When I first met Manu Kumar of K9 Ventures, nearly five years ago, he was a successful entrepreneur who was trying to break into micro VC and he was going it alone. As he said then, “I didn’t want to jump into partnering with someone just because it fulfills an LP criteria.”
He still doesn’t want to take the plunge. Though Kumar went from investing a $6.25 million fund that he closed in 2009, to a $40 million fund closed in the summer of 2012, he hasn’t brought anyone aboard and that doesn’t look to change any time soon.
Kumar – who writes initial checks of between $250,000 and $750,000 to very nascent startups with which he works closely — explained why over tea in San Francisco.
Jeff Clavier [of SoftTech VC] recently said he’d never be a solo GP again. Apparently, you feel differently.
Well, it’s true that K9 is one of the few solo GP funds without any associates. I don’t have a formal advisory network, either, though I do have people in my network who, when I’m looking at a deal, I’ll say, “Take a look at this and tell me what you think.”
What’s the hardest part about operating the way you do?
People say to me, “Your partner meetings must be really short.” But it’s more like they never end, because you’re constantly thinking about the companies and what they’re doing and what issues they have. I think the hardest part is just finding that balance between how engaged you want to get.
Also, there’s no fallback. If I decide that I’m going to go to Tahoe for three days, there’s no one else who’s going to take my spot. If the companies need something, I still need to be accessible and available.
So why not team up with someone?
I answered my LPs this way: The risk of me adding a partner and that blowing up is much higher than the risk of me getting hit by a bus. I need to have a high degree of conviction before I invest in a company; the level of conviction I’d have to have in a partner would have to be an order of magnitude higher than that.
Knowing what you know about being a solo operator, does it make you more or less inclined to fund single-founder startups?
I’m not opposed to and am comfortable with single founders; I’ve seen lots of companies do well with them. It definitely requires more work, though. Probably the single-most important thing there is helping them to ride that emotional rollercoaster. If you’re on your own, you have no one to talk to.
You’re investing a $40 million fund right now.
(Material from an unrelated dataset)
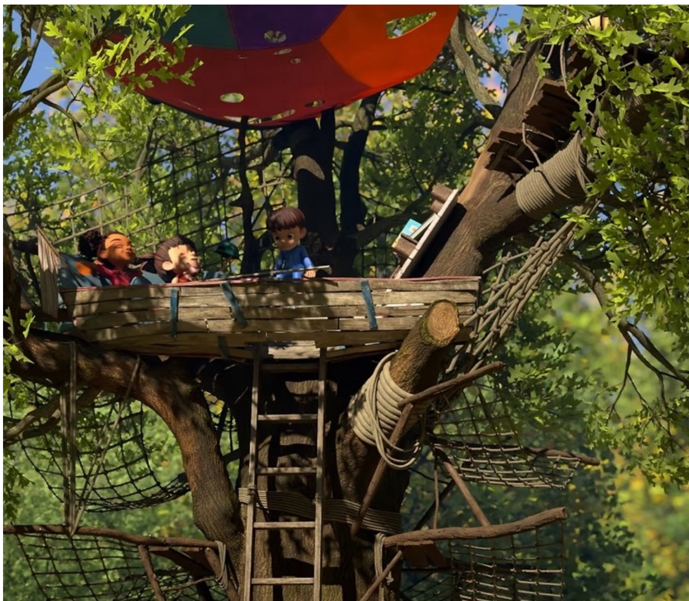
Partie de Campagne

Does that amount allow you to do seed, A deals, and Series B deals? I know the idea was to invest in roughly 30 companies.
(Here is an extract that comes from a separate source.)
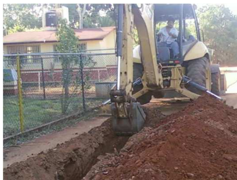
EXCAVACIÓN CON EQUIPO
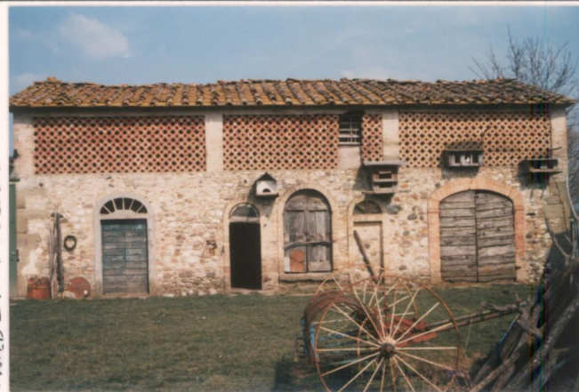
p.v. N. 9

I typically pass on Series B and C, and some would have been great investments, but I can’t do that with the amount of capital I’m managing. [Among K9’s investments are the cloud communications company Twilio, the ride-sharing service Lyft, and the camera company Lytro, which have gone on to raise $104 million, $83 million, and $90 million, respectively.]
Are you able to get your pro rata share of Series A deals? It seems like that’s becoming harder to do with seed investors’ strongest companies.
It’s happened to me a couple of times where I haven’t gotten as much pro rata as I wanted in a deal. I’ve addressed that now by making it very clear to the founders, right at the time when I invest in them, that if I’m going to back them at the seed, they have to go to bat for me when it’s time [to raise more money]. They have to stand up to the next round investor, because the founders are the only ones who have the leverage in that situation.
I don’t suppose the bigger VCs are willing to negotiate?
In one case, I almost called up a firm and said, “Hey, you’ve invested in two of my companies. If you don’t give me my pro rata, you won’t get to get to see a third one.”
In that case, I actually did get my pro rata [before resorting to that].
Look, I don’t have any leverage now, but if you want good karma in the future, you better give me my pro rata. [Laughs.]